## ENTRIES SUPPLIED
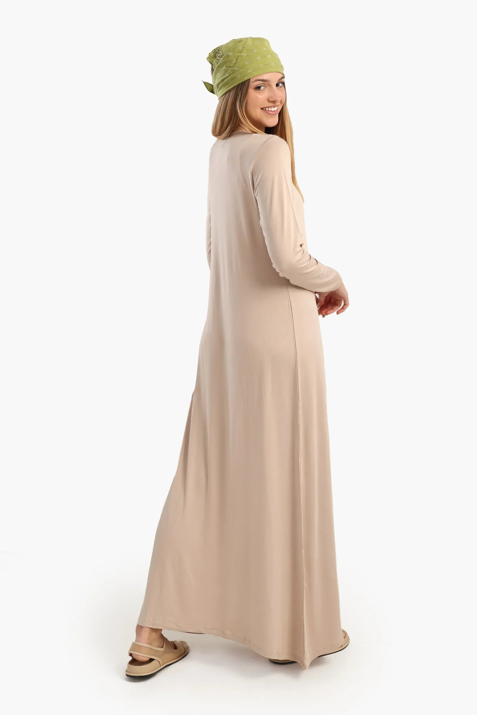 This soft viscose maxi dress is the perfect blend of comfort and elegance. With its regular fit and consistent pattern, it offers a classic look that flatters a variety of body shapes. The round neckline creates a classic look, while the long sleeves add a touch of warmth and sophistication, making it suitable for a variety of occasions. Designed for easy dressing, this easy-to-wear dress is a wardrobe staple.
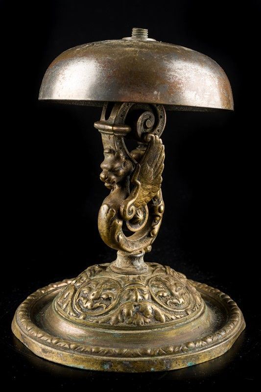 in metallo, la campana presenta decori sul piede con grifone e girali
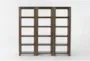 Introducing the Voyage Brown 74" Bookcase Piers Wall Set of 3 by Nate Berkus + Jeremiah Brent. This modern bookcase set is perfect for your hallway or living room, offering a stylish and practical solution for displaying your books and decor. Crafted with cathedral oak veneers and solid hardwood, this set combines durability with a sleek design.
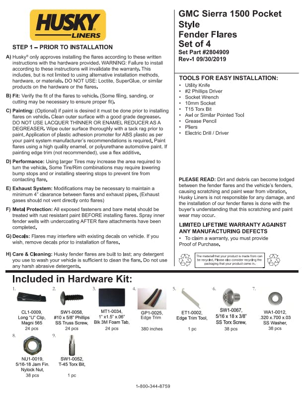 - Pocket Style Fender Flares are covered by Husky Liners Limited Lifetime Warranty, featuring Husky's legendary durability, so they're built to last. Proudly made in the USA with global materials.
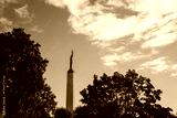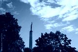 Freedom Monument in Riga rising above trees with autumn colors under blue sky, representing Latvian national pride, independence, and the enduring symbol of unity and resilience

--

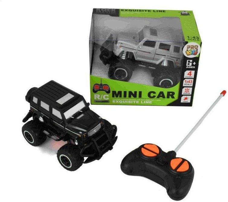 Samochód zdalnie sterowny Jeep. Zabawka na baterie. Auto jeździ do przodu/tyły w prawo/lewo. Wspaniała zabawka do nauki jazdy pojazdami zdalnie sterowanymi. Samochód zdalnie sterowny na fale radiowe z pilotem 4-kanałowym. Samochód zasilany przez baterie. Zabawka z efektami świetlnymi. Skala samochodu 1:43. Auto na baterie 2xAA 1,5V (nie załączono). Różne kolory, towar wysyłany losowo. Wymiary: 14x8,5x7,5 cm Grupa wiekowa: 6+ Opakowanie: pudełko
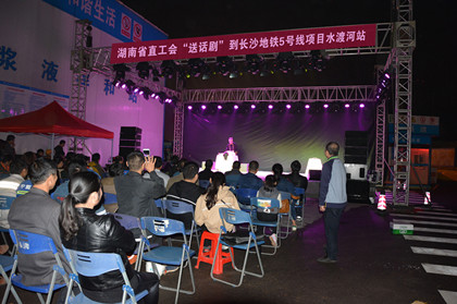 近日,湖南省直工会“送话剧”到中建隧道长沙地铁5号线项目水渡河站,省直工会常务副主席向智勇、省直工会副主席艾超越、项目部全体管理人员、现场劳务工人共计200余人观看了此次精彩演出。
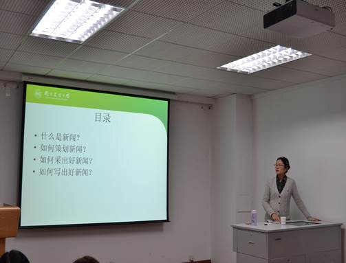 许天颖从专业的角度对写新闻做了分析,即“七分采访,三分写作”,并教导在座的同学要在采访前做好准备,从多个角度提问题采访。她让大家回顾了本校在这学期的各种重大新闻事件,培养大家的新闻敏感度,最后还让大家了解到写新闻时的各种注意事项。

---

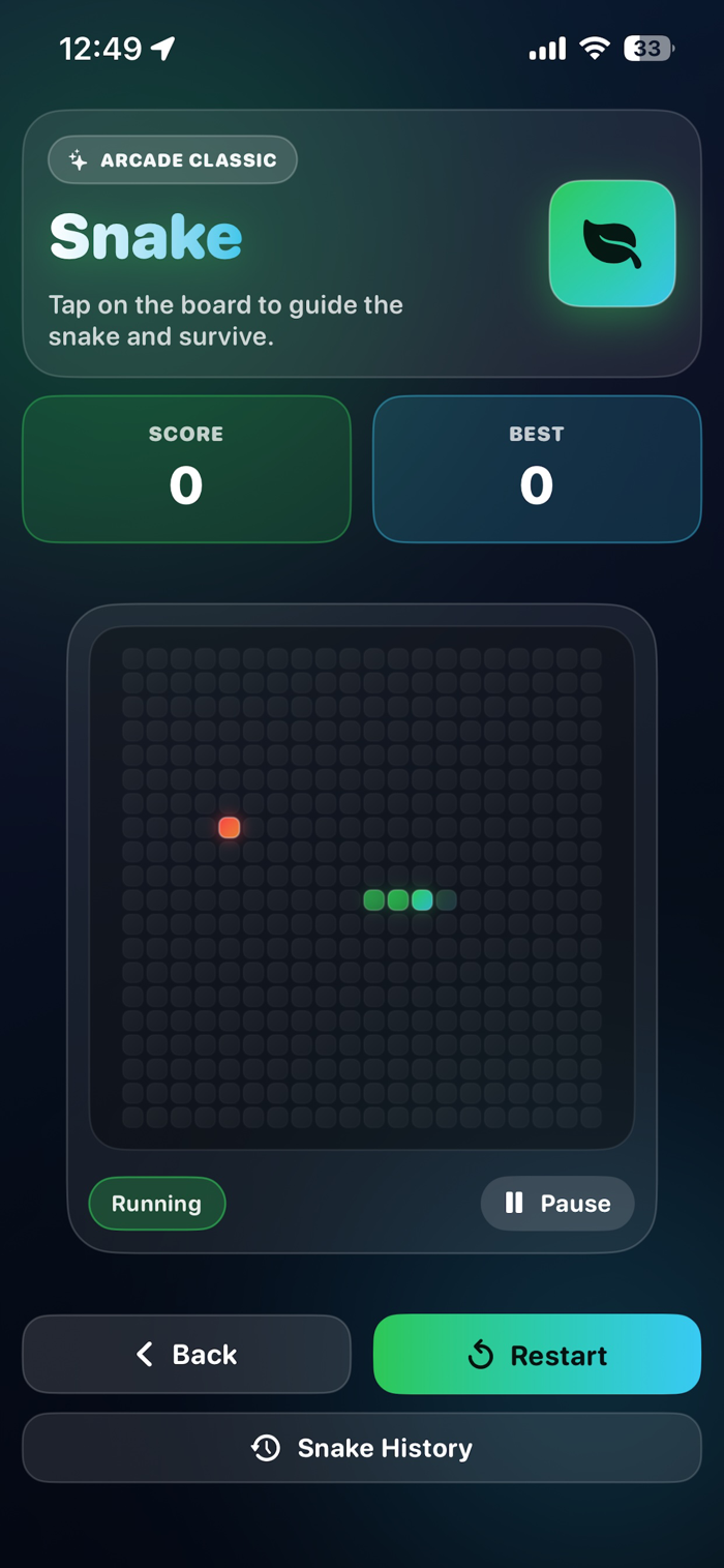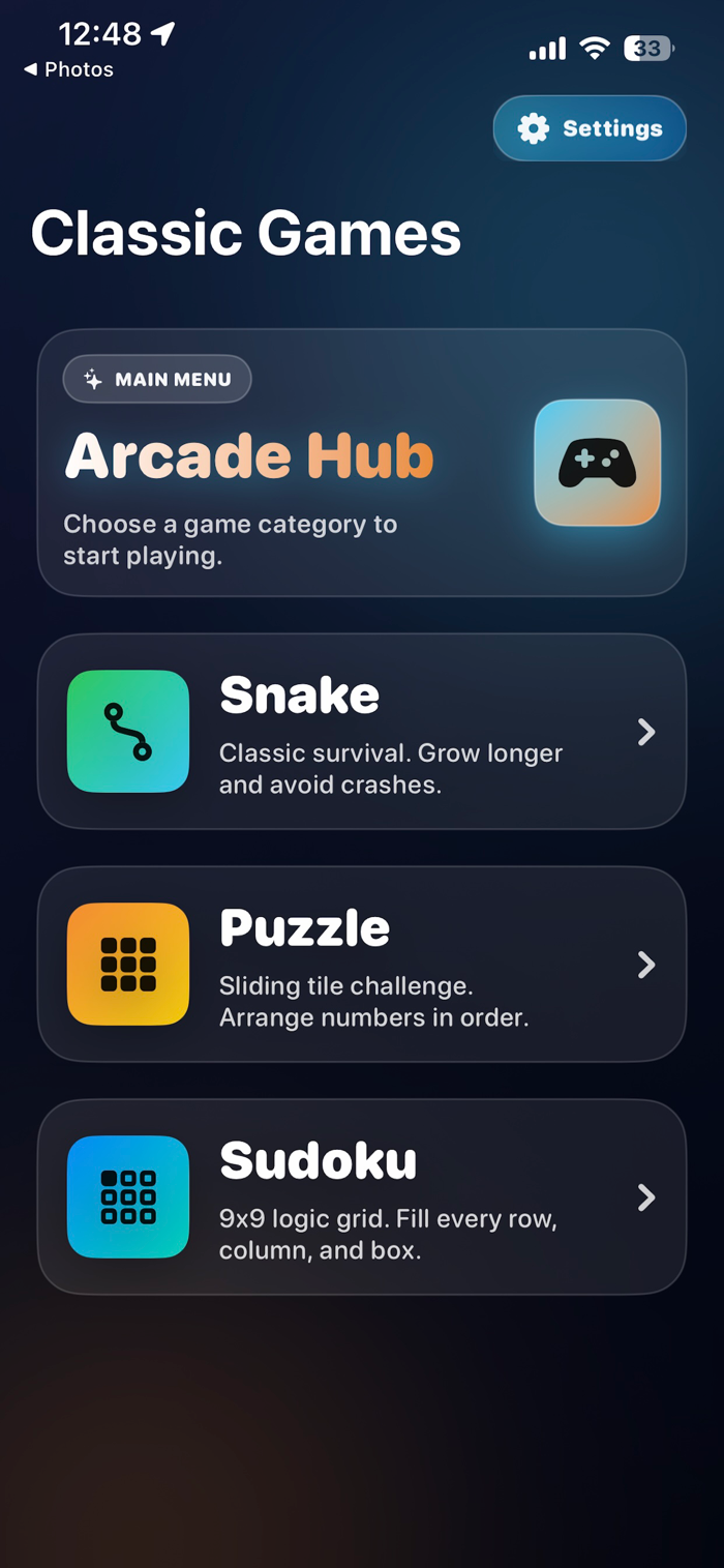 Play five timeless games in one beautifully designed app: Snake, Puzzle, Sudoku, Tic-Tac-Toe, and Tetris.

## WHAT TO WORK ON
What you return must match the lines above from the one with "- Pocket Style" through the one with "Freedom Monument in" exactly, with both ends included and the pictures excluded.

## RESPONSE
 - Pocket Style Fender Flares are covered by Husky Liners Limited Lifetime Warranty, featuring Husky's legendary durability, so they're built to last. Proudly made in the USA with global materials.
 Freedom Monument in Riga rising above trees with autumn colors under blue sky, representing Latvian national pride, independence, and the enduring symbol of unity and resilience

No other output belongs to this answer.